Aim of the task: Look below for the line with "Jimmy Sangster Interview" and the line with "Central multimídia flutuante". Copy exactly those two lines and every line between, but not the pictures.

Data records:
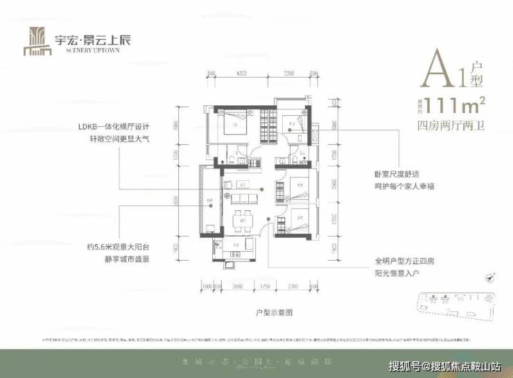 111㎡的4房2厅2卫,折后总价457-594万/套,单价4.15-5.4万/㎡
--
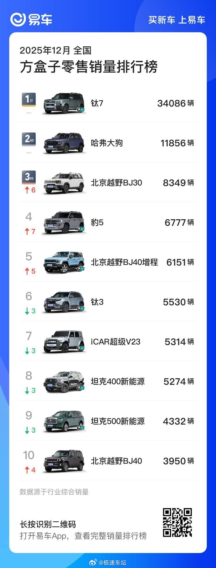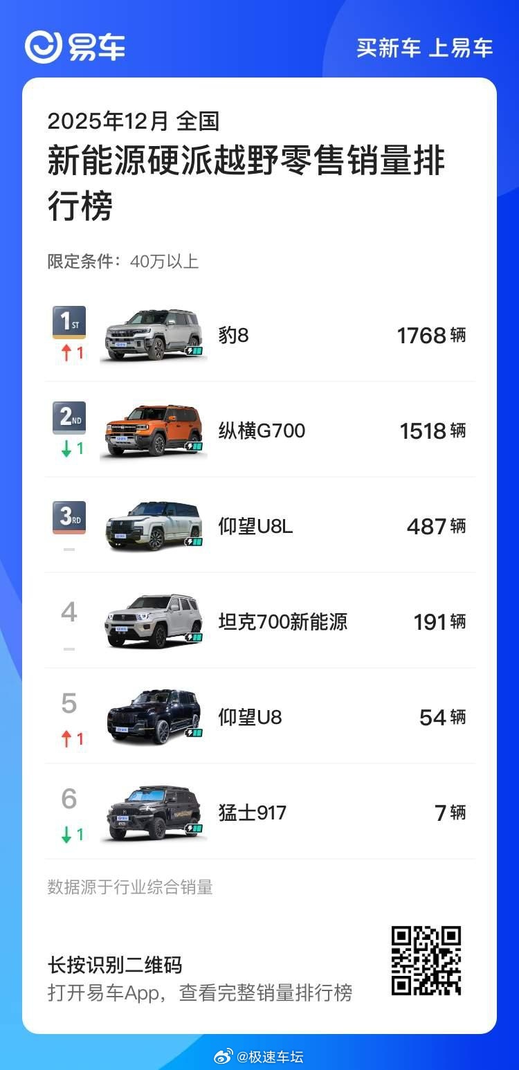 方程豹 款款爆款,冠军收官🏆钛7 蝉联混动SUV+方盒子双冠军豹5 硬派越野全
...
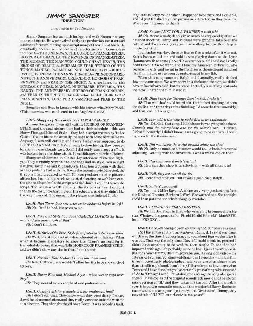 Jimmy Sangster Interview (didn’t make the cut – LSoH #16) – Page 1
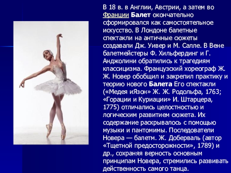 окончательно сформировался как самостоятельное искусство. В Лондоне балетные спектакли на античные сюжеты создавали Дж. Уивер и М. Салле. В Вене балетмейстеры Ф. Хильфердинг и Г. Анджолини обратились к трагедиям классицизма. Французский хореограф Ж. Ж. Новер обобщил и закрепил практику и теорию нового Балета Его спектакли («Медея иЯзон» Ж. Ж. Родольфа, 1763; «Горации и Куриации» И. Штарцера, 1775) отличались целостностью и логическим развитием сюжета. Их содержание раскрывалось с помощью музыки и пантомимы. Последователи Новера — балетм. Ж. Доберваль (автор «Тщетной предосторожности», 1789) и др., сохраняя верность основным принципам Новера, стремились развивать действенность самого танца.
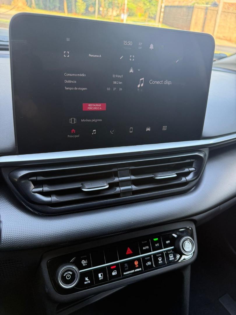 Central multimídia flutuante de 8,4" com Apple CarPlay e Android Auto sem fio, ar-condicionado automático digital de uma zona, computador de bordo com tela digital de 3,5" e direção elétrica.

Task solution:
 Jimmy Sangster Interview (didn’t make the cut – LSoH #16) – Page 1
 окончательно сформировался как самостоятельное искусство. В Лондоне балетные спектакли на античные сюжеты создавали Дж. Уивер и М. Салле. В Вене балетмейстеры Ф. Хильфердинг и Г. Анджолини обратились к трагедиям классицизма. Французский хореограф Ж. Ж. Новер обобщил и закрепил практику и теорию нового Балета Его спектакли («Медея иЯзон» Ж. Ж. Родольфа, 1763; «Горации и Куриации» И. Штарцера, 1775) отличались целостностью и логическим развитием сюжета. Их содержание раскрывалось с помощью музыки и пантомимы. Последователи Новера — балетм. Ж. Доберваль (автор «Тщетной предосторожности», 1789) и др., сохраняя верность основным принципам Новера, стремились развивать действенность самого танца.
 Central multimídia flutuante de 8,4" com Apple CarPlay e Android Auto sem fio, ar-condicionado automático digital de uma zona, computador de bordo com tela digital de 3,5" e direção elétrica.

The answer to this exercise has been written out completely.